▶ [WORK ITEM] Pictures excluded, reproduce exactly the lines below from the one with "Join The Saluda" through the one with "Tak, z tego", both included.

▶ [EXERCISE INPUT]
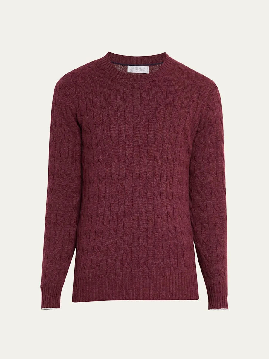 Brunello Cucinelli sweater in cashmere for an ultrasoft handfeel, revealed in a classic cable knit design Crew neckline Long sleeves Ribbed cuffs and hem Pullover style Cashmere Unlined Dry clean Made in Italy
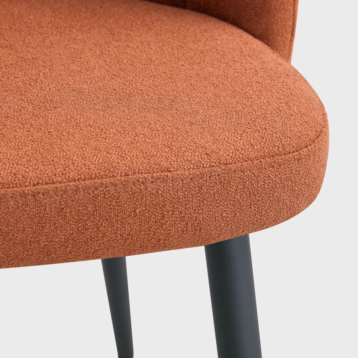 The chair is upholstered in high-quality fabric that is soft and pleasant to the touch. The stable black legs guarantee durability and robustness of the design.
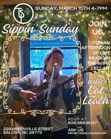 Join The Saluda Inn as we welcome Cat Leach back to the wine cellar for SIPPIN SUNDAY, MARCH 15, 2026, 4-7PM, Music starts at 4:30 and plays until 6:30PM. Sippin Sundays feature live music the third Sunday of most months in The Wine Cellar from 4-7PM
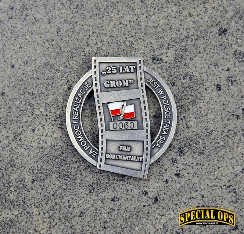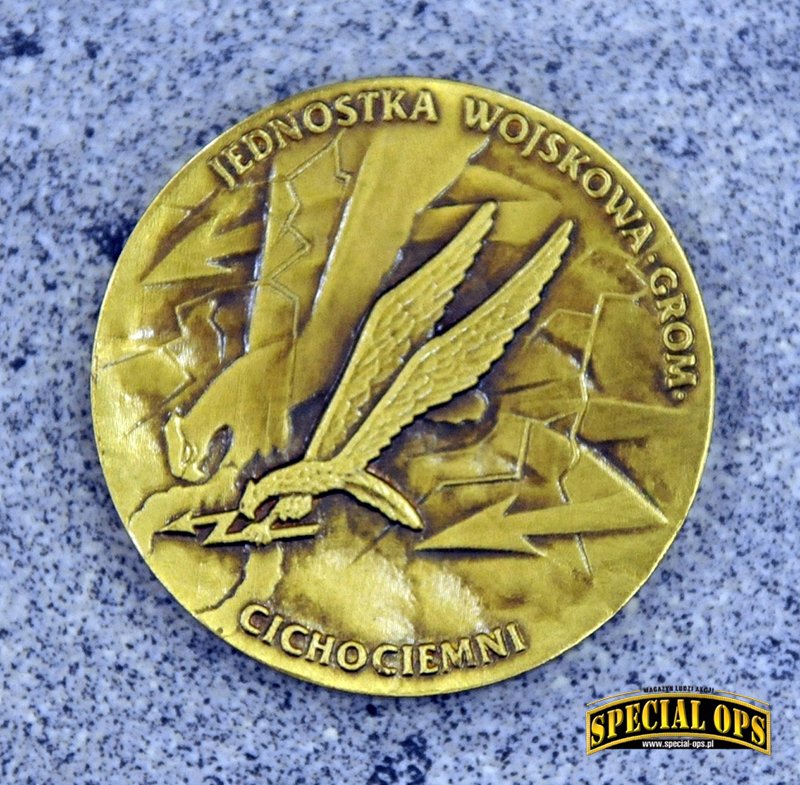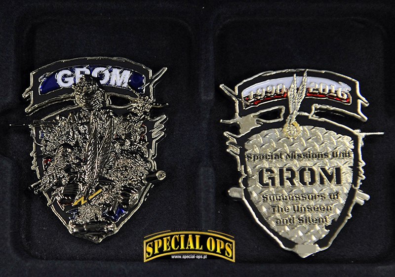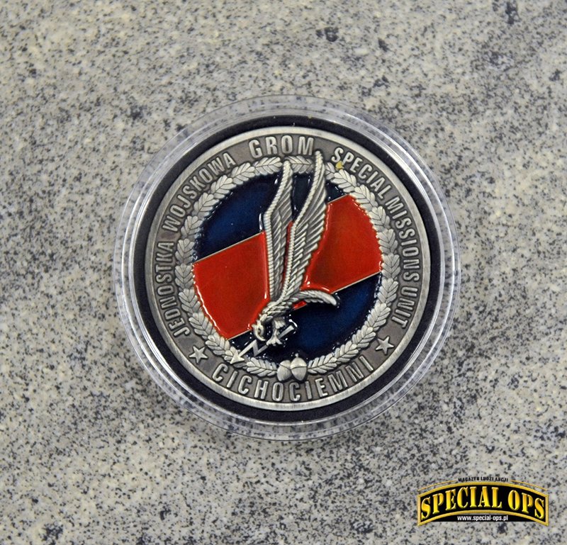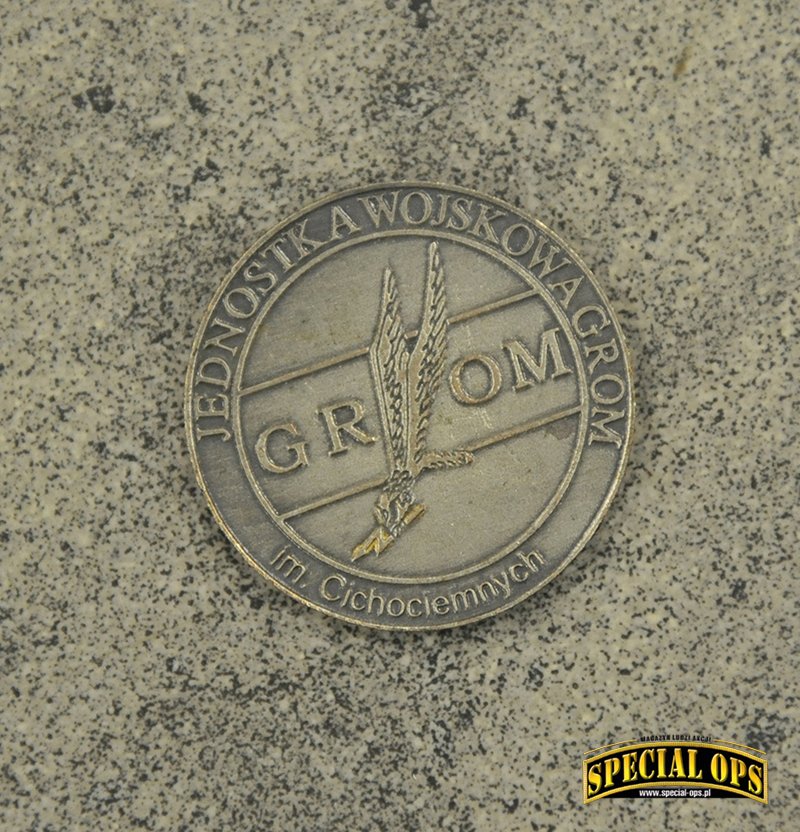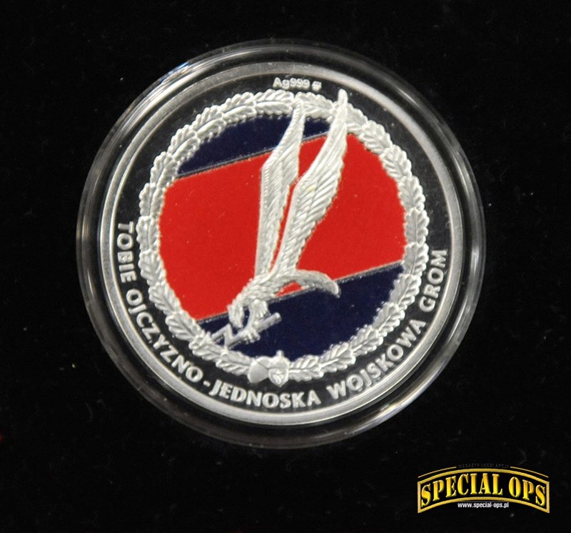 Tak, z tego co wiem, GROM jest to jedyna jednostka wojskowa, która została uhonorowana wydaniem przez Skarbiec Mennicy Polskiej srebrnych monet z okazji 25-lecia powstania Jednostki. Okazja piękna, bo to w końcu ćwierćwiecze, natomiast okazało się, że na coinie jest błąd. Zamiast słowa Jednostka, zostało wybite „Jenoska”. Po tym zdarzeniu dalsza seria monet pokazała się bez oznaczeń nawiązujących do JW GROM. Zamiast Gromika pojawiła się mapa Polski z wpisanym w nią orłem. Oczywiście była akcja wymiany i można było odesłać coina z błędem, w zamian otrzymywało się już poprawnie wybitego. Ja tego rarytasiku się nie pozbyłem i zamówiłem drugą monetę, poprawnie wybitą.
* * *
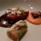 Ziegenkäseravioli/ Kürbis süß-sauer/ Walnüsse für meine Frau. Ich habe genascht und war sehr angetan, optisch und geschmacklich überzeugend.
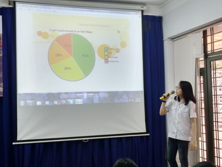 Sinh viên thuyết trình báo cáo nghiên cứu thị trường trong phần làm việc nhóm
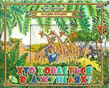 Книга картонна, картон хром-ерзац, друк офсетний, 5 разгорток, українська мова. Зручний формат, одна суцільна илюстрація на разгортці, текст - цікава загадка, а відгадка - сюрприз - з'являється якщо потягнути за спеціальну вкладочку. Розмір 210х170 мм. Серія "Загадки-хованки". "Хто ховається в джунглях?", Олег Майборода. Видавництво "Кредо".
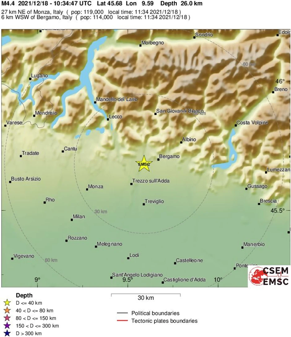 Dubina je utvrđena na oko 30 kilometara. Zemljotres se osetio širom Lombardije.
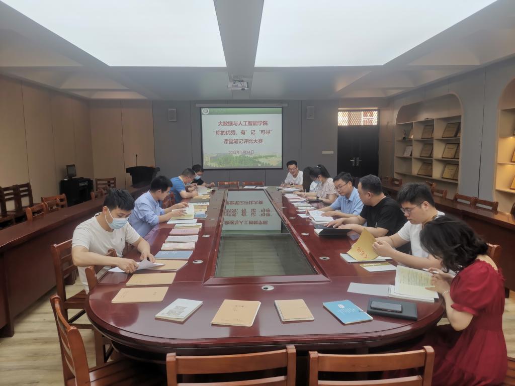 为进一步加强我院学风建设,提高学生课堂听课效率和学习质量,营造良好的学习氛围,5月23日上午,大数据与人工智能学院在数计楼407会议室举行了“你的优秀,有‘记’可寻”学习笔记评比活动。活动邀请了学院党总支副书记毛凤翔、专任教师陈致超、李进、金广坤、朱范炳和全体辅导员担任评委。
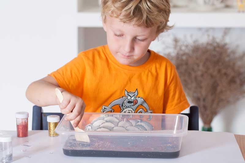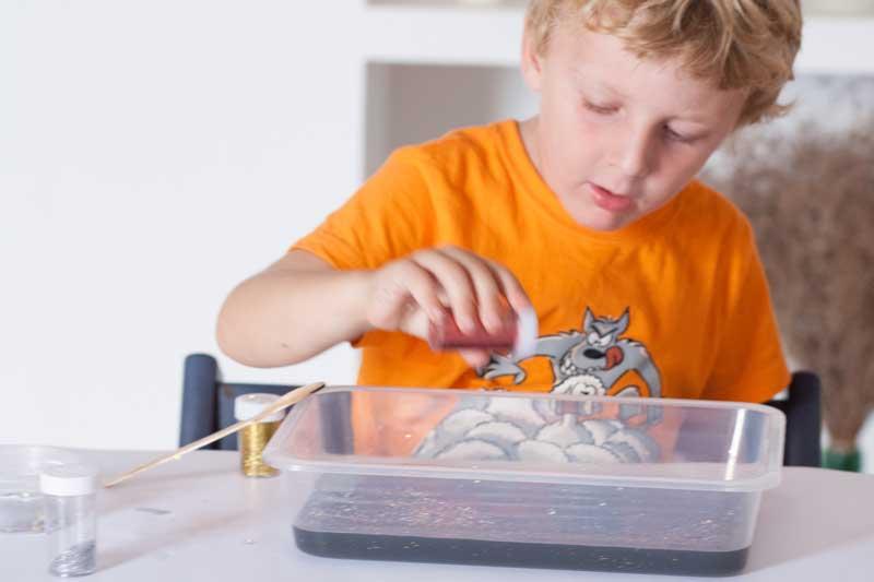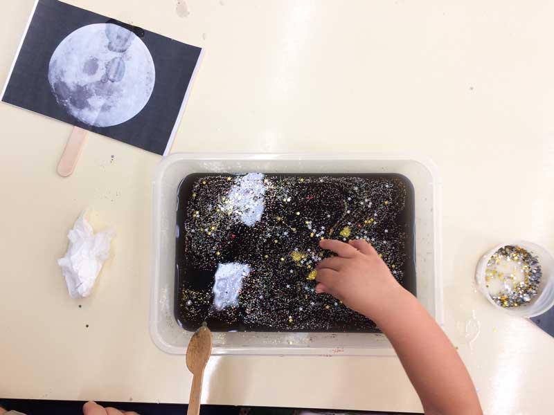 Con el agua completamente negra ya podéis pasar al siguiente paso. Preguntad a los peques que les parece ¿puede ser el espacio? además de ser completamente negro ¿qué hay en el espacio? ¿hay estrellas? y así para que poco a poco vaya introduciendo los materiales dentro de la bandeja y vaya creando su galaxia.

▶ [SOLVED EXERCISE]
 Join The Saluda Inn as we welcome Cat Leach back to the wine cellar for SIPPIN SUNDAY, MARCH 15, 2026, 4-7PM, Music starts at 4:30 and plays until 6:30PM. Sippin Sundays feature live music the third Sunday of most months in The Wine Cellar from 4-7PM
 Tak, z tego co wiem, GROM jest to jedyna jednostka wojskowa, która została uhonorowana wydaniem przez Skarbiec Mennicy Polskiej srebrnych monet z okazji 25-lecia powstania Jednostki. Okazja piękna, bo to w końcu ćwierćwiecze, natomiast okazało się, że na coinie jest błąd. Zamiast słowa Jednostka, zostało wybite „Jenoska”. Po tym zdarzeniu dalsza seria monet pokazała się bez oznaczeń nawiązujących do JW GROM. Zamiast Gromika pojawiła się mapa Polski z wpisanym w nią orłem. Oczywiście była akcja wymiany i można było odesłać coina z błędem, w zamian otrzymywało się już poprawnie wybitego. Ja tego rarytasiku się nie pozbyłem i zamówiłem drugą monetę, poprawnie wybitą.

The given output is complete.